Overview
Stencil: A Web Components Compiler
Stencil is a compiler that generates Web Components (more specifically, Custom Elements). Stencil combines the best concepts of the most popular frameworks into a simple build-time tool.
Stencil uses TypeScript, JSX, and CSS to create standards-compliant Web Components that can be used to craft high quality component libraries, design systems, and applications.
Web Components generated with Stencil can be used with popular frameworks right out of the box. In addition, Stencil can generate framework-specific wrappers that allow Stencil components to be used with a framework-specific developer experience.
Compared with using the Custom Elements APIs directly, Stencil provides convenient APIs which make writing fast components simpler. With a Virtual DOM, JSX, and async rendering, it is easy to create fast and powerful components which are still 100% compatible with Web Components standards. In addition to making it easier to author Custom Elements, Stencil also adds a number of key capabilities on top of Web Components, such as prerendering and objects-as-properties (instead of just strings).

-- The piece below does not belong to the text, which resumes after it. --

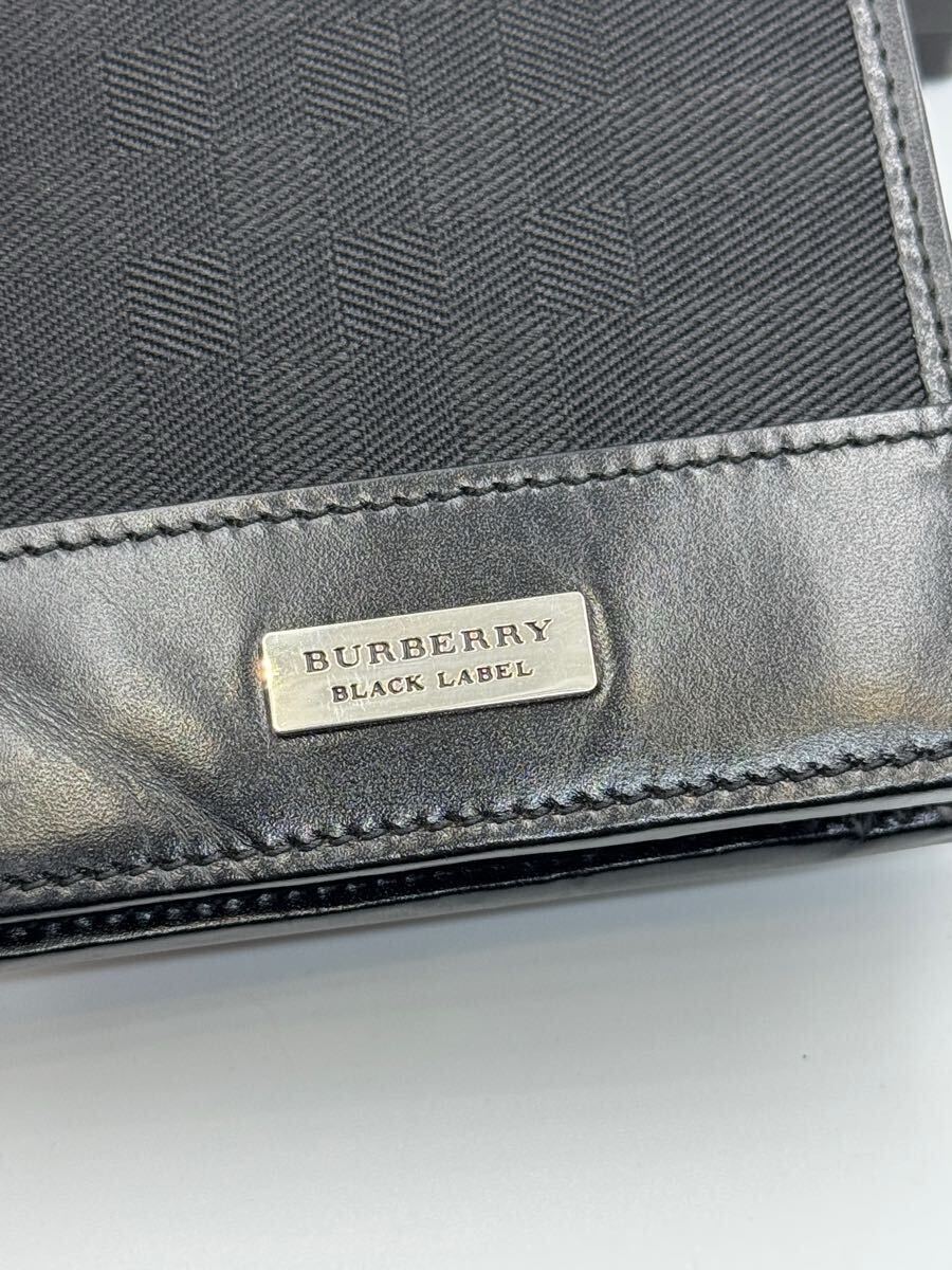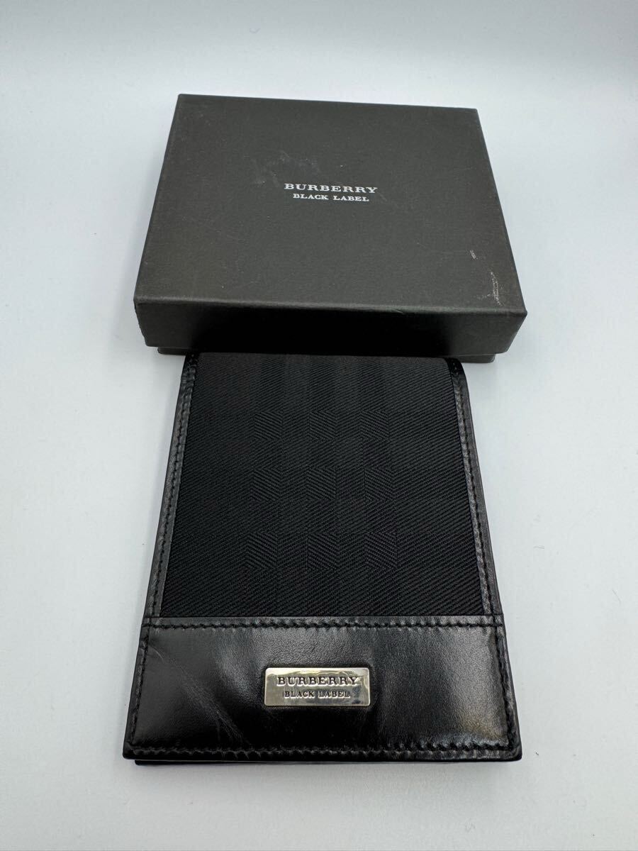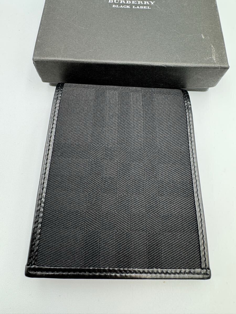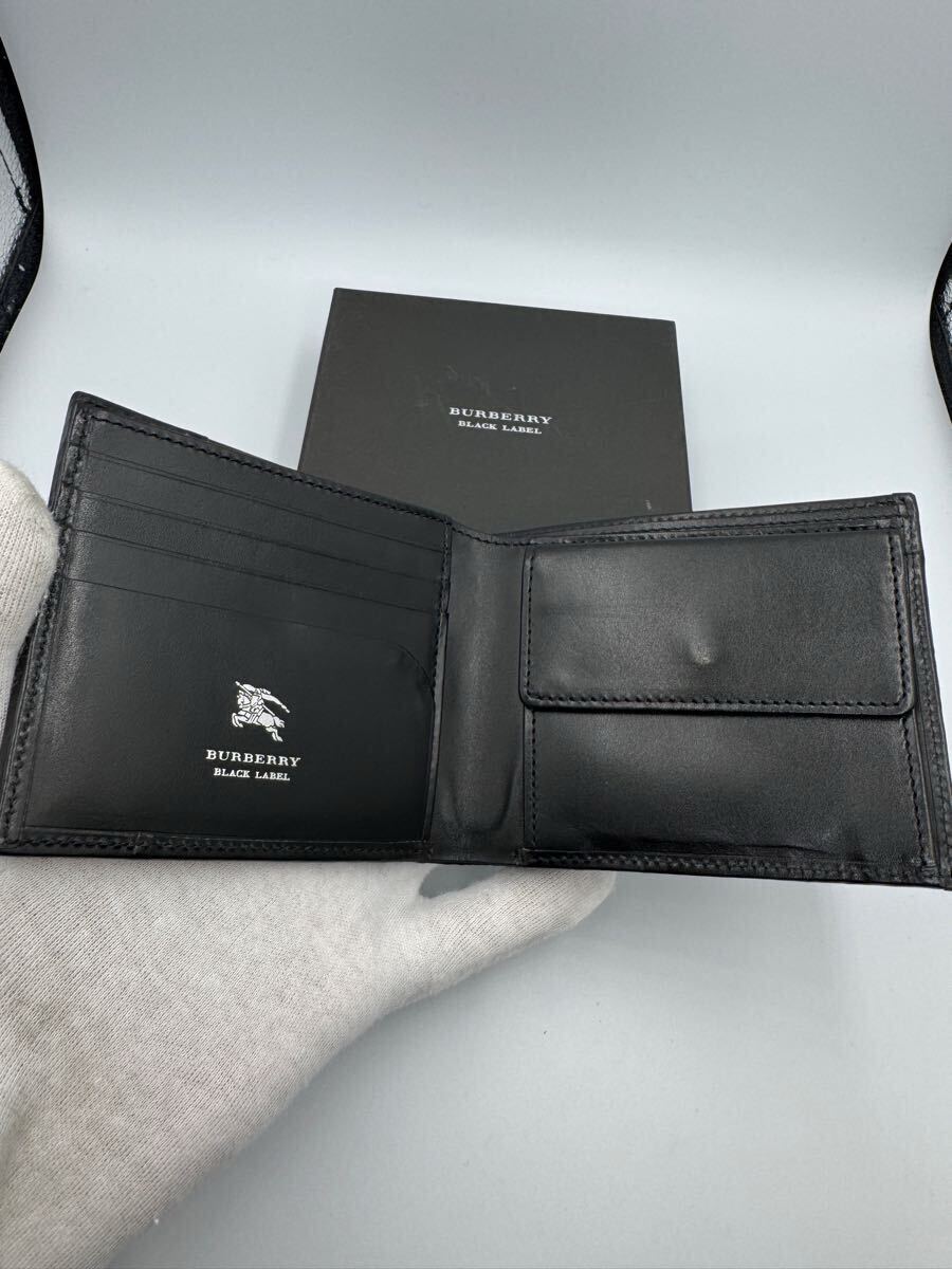 極美品 バーバリー ブラックレーベル 二つ折り財布 ブラック レザー 小銭入れ付き メンズ カードケース コインケース クレストブリッジ

The developer experience is also tuned, and comes with live reload and a small dev server baked in to the compiler.
How can I use Stencil?
Design Systems & Component Libraries
Stencil's primary objective is providing amazing tools for design systems and component libraries. Components as a concept provide similar language for engineers and designers to have productive conversations about design implementation. Visit the Stencil for Design Systems page to learn more.
The History of Stencil
Stencil was originally created by the Ionic Framework team in order to build faster, more capable components that worked across every major framework.
The emergence of Progressive Web Apps as a rapidly growing target for web developers demanded a different approach to web app development performance. With Ionic's classic use of traditional frameworks and bundling techniques, the team was struggling to meet latency and code size demands for Progressive Web Apps that ran equally well on fast and slow networks, across a diversity of platforms and devices.
Additionally, framework fragmentation had created a web development interoperability nightmare, where components built for one framework didn't work with another framework.
Web Components offered a solution to both problems, pushing more work to the browser for better performance, and targeting a standards-based component model that all frameworks could use.
Web Components by themselves, however, weren't enough. Building fast web apps required innovations that were previously locked up inside of traditional web frameworks. Stencil was built to pull these features out of traditional frameworks and bring them to the fast emerging Web Component standard. While Stencil is intended to be used primarily to build design systems and component libraries, these innovations allowed entire applications to be built using only Stencil.